Developing and certificating aircraft engines is among aerospace’s most-challenging endeavours – even for major, long-established players. GE Aerospace is years late in achieving certification for its Catalyst turboprop, which is to power Textron Aviation’s Beechcraft Denali, and Safran Aircraft Engines’ troubles with its Silvercrest turbofan prompted Textron in 2019 cancel development of Cessna’s Hemisphere business jet.
But Scholl insists Symphony will succeed, pointing to Boom’s embrace of a low-cost development model proven successful by other start ups, including SpaceX. The model involves assigning small teams of highly skilled engineers to quickly develop actual prototypes – “rapid hardware prototyping, rapid testing [and] lots of rig testing”, Scholl says.
He says legacy aerospace manufacturers tend to move much slower because they complete exhaustive and expensive design work in a bid to perfect concepts on paper before actually building and testing prototypes – and then, late in the process, issues crop up.
“My philosophy is, go build the prototype quickly, learn and iterate.
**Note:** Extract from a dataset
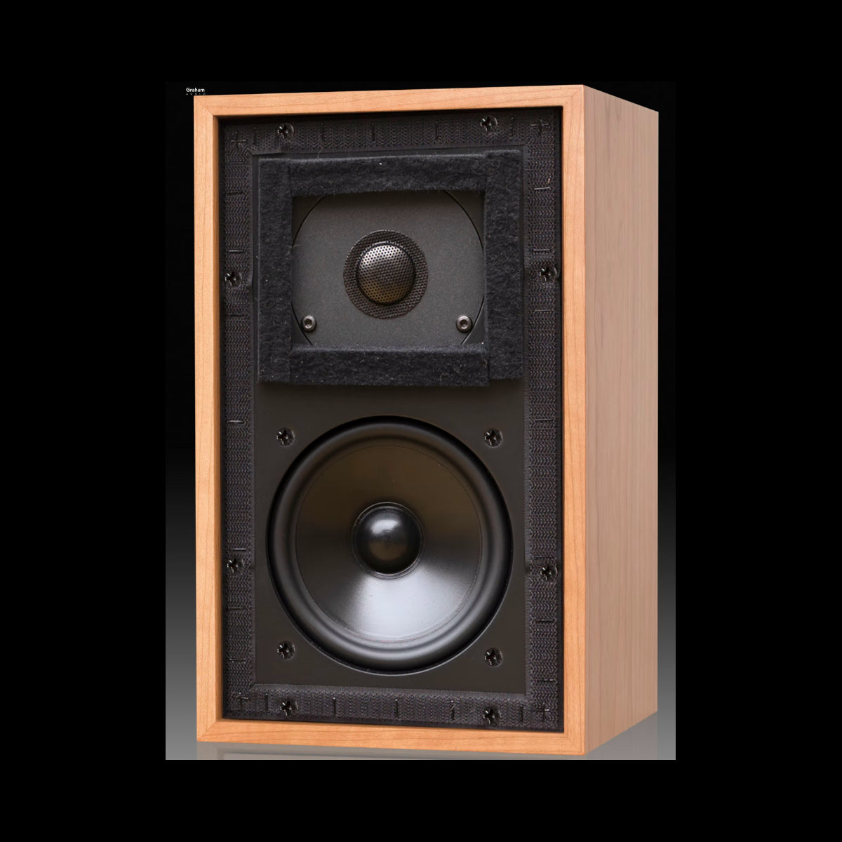As you would expect, our version - engineered by Derek Hughes - includes authentic details such as the perforated metal tweeter grille, thick felt pads surrounding the tweeter, and Velcro rather than our usual hidden magnets to secure the grille frame. The cabinet uses 12mm panels and a fixed rear panel, according to BBC Designs Department's specification.

Ultimately it’s going to be faster and it’s going to be cheaper,” Scholl says. “In very short order it is going to be obvious if it’s working…what we are going to find is that there’s an engine running way sooner than anyone’s going to expect.”
BEYOND MACH 1.7
As if Overture is not challenging enough, Scholl is already eyeing an Overture successor that flies faster and farther. In October 2023, he applied for a patent covering a conceptual propulsion architecture for a future supersonic aircraft. The concept calls for a jet powered both by traditional low-bypass turbojets and by a separate system composed of multiple deployable fans.
At supersonic speed, the turbojets would provide thrust and the fans would be stowed within the aircraft’s structure, out of the airstream. But at slow speed, particularly during take-off and landing, the fans would extend out and provide thrust, says his patent application, published in April by the United States Patent and Trademark Office.
The hybrid turbojet-fan architecture could provide optimal fuel efficiency in the supersonic realm and be sufficiently quiet to meet airport noise regulations, the application says.
Such an architecture could let engineers avoid limitations imposed by turbofans alone, Scholl adds, noting high-bypass turbofans are sufficiently quiet but less efficient at supersonic speed than low-bypass turbojets, which are too loud to meet noise restrictions.
The patent application includes sketches of an aircraft with four traditional turbojets hung under gull-shaped wings, and with groups of fans that can be stowed behind panels or doors. One possible configuration has eight fans stowed in the aircraft’s tail; another has fans stowed within its wings.
“This is not going to be on Overture one,” Scholl says of the idea. “This is really next-generation technology, and we put a marker out there with the patent.”